Graph below: Flickr traffic in blue, Photobucket in red. Webshots.com in green.

Speaking of graphs, here’s some interesting ones that quantify what many people in today’s discussion are saying: the loudest voices in the blogosphere are missing the boat by talking about Flickr all the time. Flickr may be worthy of blog coverage for its innovation or it’s participation in innovative communities or its role in controversy - but among most of the bloggers online Photobucket is a much hotter topic!

Check out these graphs, measuring the times that the words Flickr or Photobucket appear in blogs with many inbound links (”high authority”) according to Technorati vs. in blogs without many inbound links. I think the results are remarkable.

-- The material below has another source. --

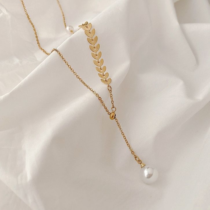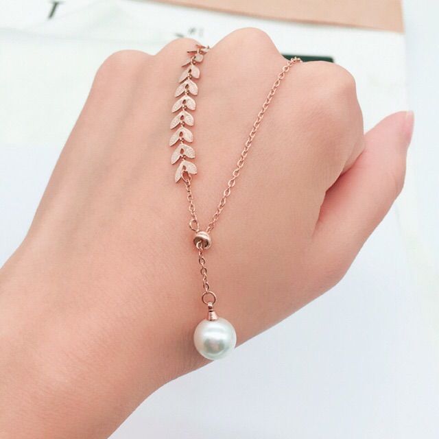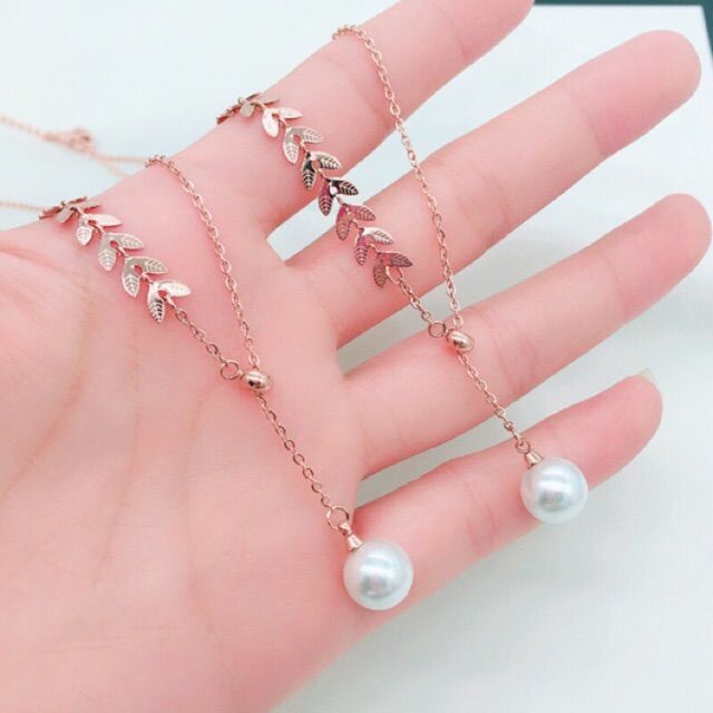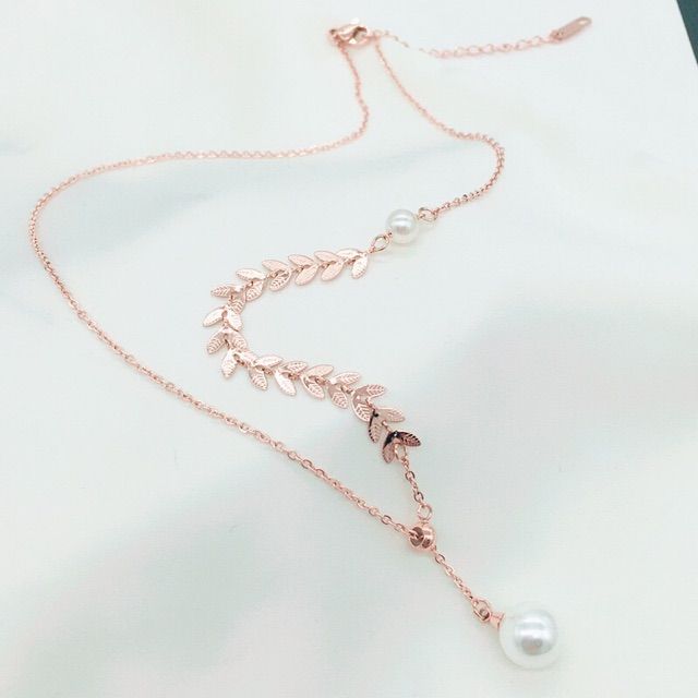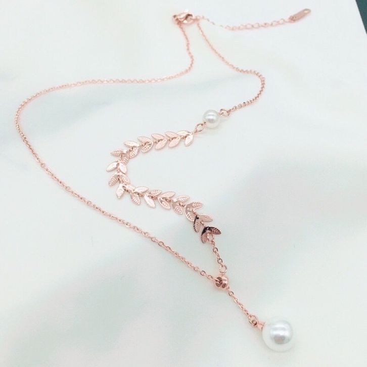 Kalung Titanium model Liontin Rangkaian Daun - Rose Gold

Here’s some imprecise but telling math: high-authority bloggers appear to write about Flickr about 3 times as often as they (we) write about Photobucket. The blogosphere as a whole uses the word Photobucket 3 or more times as often as we use the word Flickr. (TechCrunch has used the word Flickr 11 times more often than the word Photobucket.) Does that mean high-authority bloggers are out of touch with the bulk of users? It may; it may also mean that being interesting doesn’t equate with mass adoption.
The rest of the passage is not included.